Gross, too, is a Met Opera fan. She noted Nézet-Séguin’s positive approach in working with musicians and asked whether there was a generational move away from conductors leading in an authoritarian style.

“I think the shift clearly is happening in conducting, but it is a shift I think that is probably in every different area of leadership around the world,” he said. Fear, he warned, can get in the way of making music. “If the conductor is there just to add to the scare, this doesn’t work.”

They touched on the mechanics of conducting, how one works with singers as opposed to instrumentalists, why he has a turtle tattoo (a Tahitian-vacation souvenir) — as well as the conversational trident of sex, religion, and death.

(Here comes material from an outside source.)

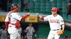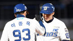 [OSEN=잠실,박준형 기자] 6일 오후 서울 잠실구장에서 ‘2021 신한은행 SOL KBO리그’ 두산 베어스와 삼성 라이온즈의 경기가 진행됐다.9회초 무사 1루 삼성 피렐라가 안타를 날리고 강명구 1루 코치와 하이파이브를 하고 있다.

She asked Nézet-Séguin about being a visible gay figure. “I think I wouldn’t be the conductor I am without Pierre,” he said, referring to partner Pierre Tourville. “The fact of living my life openly as a gay person might also, I feel, help mentalities evolve in certain countries.”

Is he religious? she wondered. He said he had been an altar boy and attended church as a child, but at some point became more of an artist who absorbed the spirituality of religious music. “And that is how my spirituality stayed alive, because I would conduct some Bach cantatas and marvel that these cantatas must have been God-sent. And it became increasingly more spiritual than religious.”

Gross at one point played a recording of the opening of Mahler’s Symphony No. 5 and asked the conductor to explain it: the lonely trumpet triplets, an explosion, and then that mournful tune.

After the excerpt, Gross asked whether classical music, which so often touches on death, made him consider mortality.

“This is a theme that, surprisingly or not, I am thinking about daily since I am a child,” he said. His drawings as a youngster often had to do with the passion of Christ.

Nézet-Séguin quickly turned the conversation to what a “truly happy life” he has and then tried to reconcile that with the idea of death. Having to deal with the balance of these two forces, he said, inspires him to make something out of it.

“It makes me deal on a daily basis with more universal issues, and I feel a responsibility not only as a conductor but just simply because I am an artist, I feel a responsibility in return to give these moments where everybody can feel these emotions together in a concert hall or listening to a recording.

“And get some comforting, get some hope, get some dream, get some empathy.”